Introduction
=============
.. note::
Currently, ``pygcam.mcs`` runs only on Unix-like platforms with
the `SLURM `_,
`PBS `_, or
`LSF `_
job scheduling systems. See the :doc:`configuration` page for
more information.
Running a Monte Carlo simulation with ``pygcam`` involves the following steps:
#. Configure ipyparallel for ``pygcam``. The :ref:`ippsetup `
sub-command handles this for the Slurm task scheduler. Support for PBS
and LSF can be provided if users need this.
#. :doc:`Define parameters and distributions ` in the
file ``parameters.xml``.
#. :doc:`Define model results ` to save in the SQL
database. These are defined in ``results.xml``.

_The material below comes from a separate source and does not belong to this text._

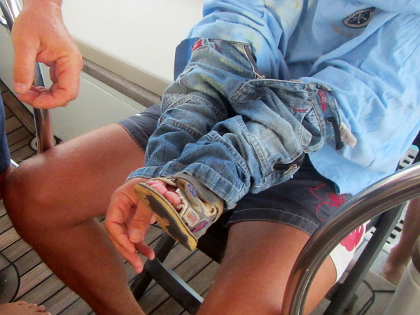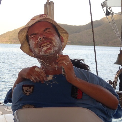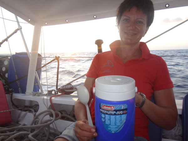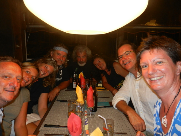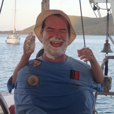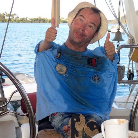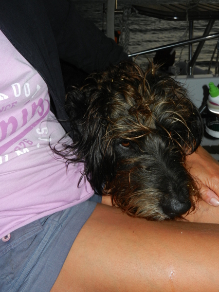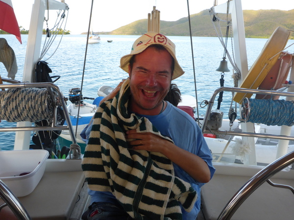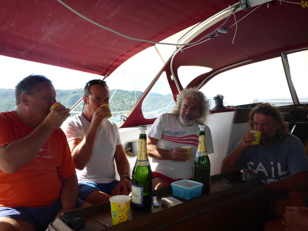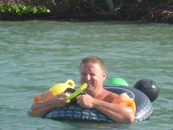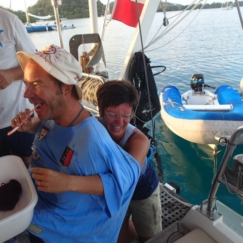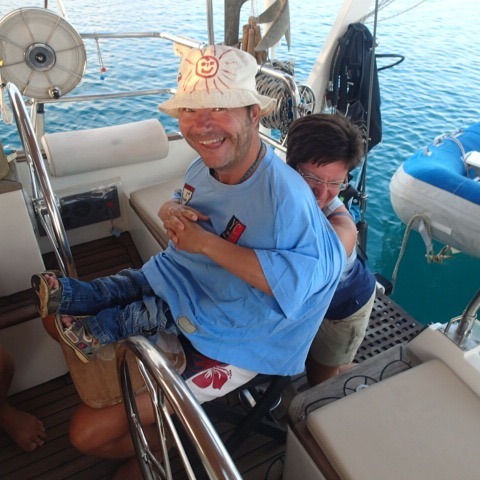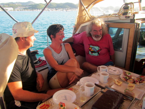 Dietmars 50. Geburtstag schreit nachträglich nach einer Würdigung. Dazu versenken wir eine 5 Liter-Pulle Rum an einem Anker. Die muss er sich, angetan mit Schwimmflügel und Badereifen, aber erst hochholen. Ein paar Tage später bin ich dran. Um 6 Uhr früh bumpern die Leichtmatrosen ans Schiff und machen ein Höllenspektakel. Uns reisst es aus den Betten und das Schicksal nimmt seinen Lauf….

#. Run the :ref:`gensim ` sub-command to create the file
structure and database required for the MCS and a CSV file
containing the data for the Monte Carlo trials. Several sampling
methods are available.
#. Run the simulation by running the :ref:`runsim ` sub-command.
This runs "worker" tasks on compute nodes that receive information
about which trials to run from the ipython-parallel scheduler. Results
are passed back to the gcamtool and saved in a SQL database.

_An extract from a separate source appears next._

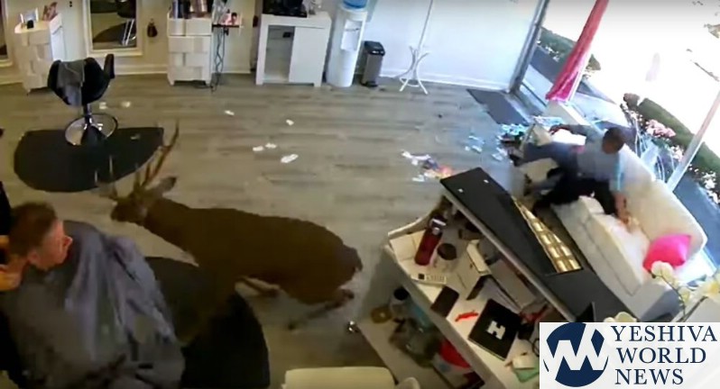 Police said one client suffered leg and head pain and was treated at a hospital. The security video shows the deer jumping over the woman’s head as she sits on a couch at the front of the shop.

#. Run the :ref:`anaylze ` and/or the :ref:`explore `
sub-commands to generate statistical information and various types of plots
based on input values and results stored in the SQL database (analyze), and to
interactively explore the parameter space (explore).
There are additional "utility" sub-commands for running shell commands on
each trial sandbox, and other useful tools.
When an MCS trial runs, it:
#. Reads the row of the generated CSV file corresponding to its trial number.
#. Reads ``parameters.xml`` and runs the queries for each parameter to
produce a sets of values.
#. Modifies each set of values as per the parameter definition, i.e., by
adding to, multiplying by, or replacing with the value drawn from the
distribution for this trial.
In the example above, the values returned by the query are multiplied
by a value drawn from the Uniform distribution [0.5, 2].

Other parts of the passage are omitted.